Re: [PATCH] libceph: Complete stuck requests to OSD with EIO

Ilya Dryomov <idryomov@xxxxxxxxx> · Mon, 13 Feb 2017 16:32:47 +0100

On Mon, Feb 13, 2017 at 4:23 PM, Artur Molchanov
<artur.molchanov@xxxxxxxxxx> wrote:
> On 02/13/2017 05:15 PM, Ilya Dryomov wrote:
>>
>> On Mon, Feb 13, 2017 at 10:54 AM, Artur Molchanov
>> <artur.molchanov@xxxxxxxxxx> wrote:
>>>
>>> Hi Ilya,
>>>
>>> On 02/13/2017 12:11 PM, Ilya Dryomov wrote:
>>>>
>>>>
>>>> Hi Artur,
>>>>
>>>> How about the attached patch?  handle_timeout() is going to iterate
>>>> over all but the homeless OSD anyway; all it costs us is a couple of
>>>> tests, so I don't think a separate work is needed.
>>>>
>>>> abort_request() is a simple wrapper around complete_request(), making
>>>> it safe to call at any time -- replace it with complete_request() for
>>>> now if you want to try this out.
>>>
>>>
>>>
>>> Using one job for sending keepalive requests and completing stuck
>>> requests
>>> brings us to the need to check that osd_keepalive_timeout is not larger
>>> then
>>> osd_request_timeout.

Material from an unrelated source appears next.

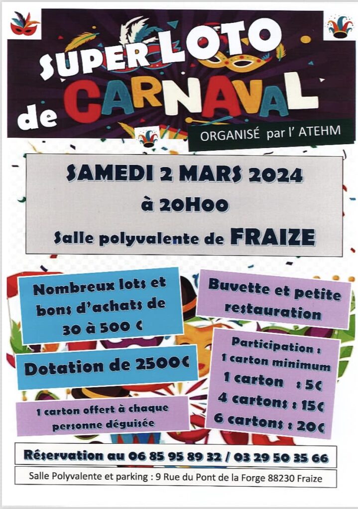 L’ATEHM organise un super loto de carnaval, qui aura lieu ce samedi 2 mars à partir de 20h à la salle polyvalente de Fraize. Toutes les informations pratiques sont à retrouver ci-dessous.
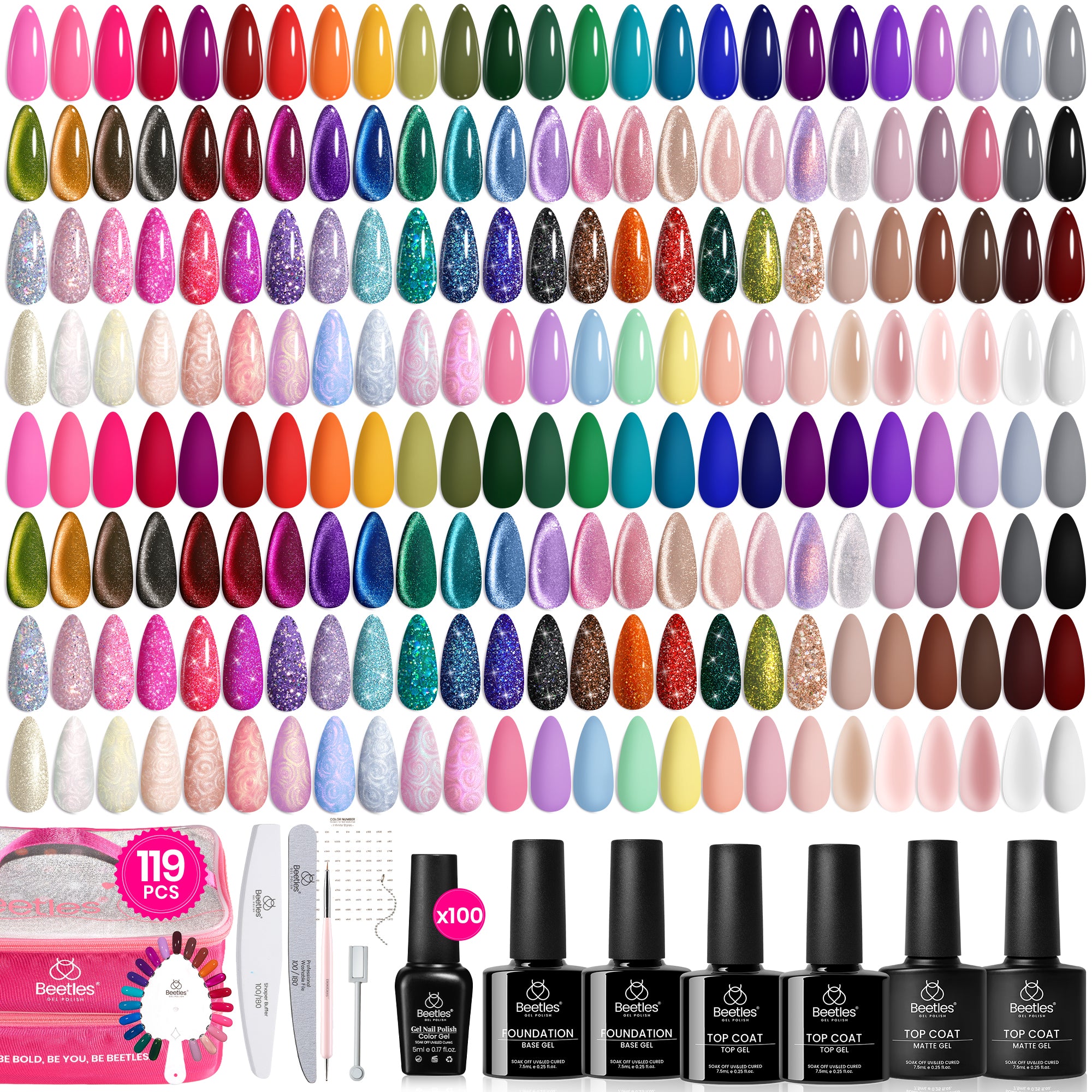 (Extra Free £20 Mystery Gift ) 100 Colors Hema Free Spring Nails 119PCS with Storage Bag Perfect Gift Gel Polish Set for All Season

So we should not forget to say about it in the
>>> documentation.
>>
>>
>> I'll make a note to mention that it is osd_keepalive_timeout-precise.
>>
>>> Is it worth creating a correlation between osd_keepalive_timeout and
>>> osd_request_timeout?
>>
>>
>> No, probably not.  osd_keepalive_timeout and osd_idle_ttl are similarly
>> related and we don't have any.
>
>
> Your variant of patch works.
> As I said, using job handle_timeout to send keepalive requests and aborting
> stuck requests is not the perfect choice, but OK, it works.
>
> What should I do to make this patch merged to upstream?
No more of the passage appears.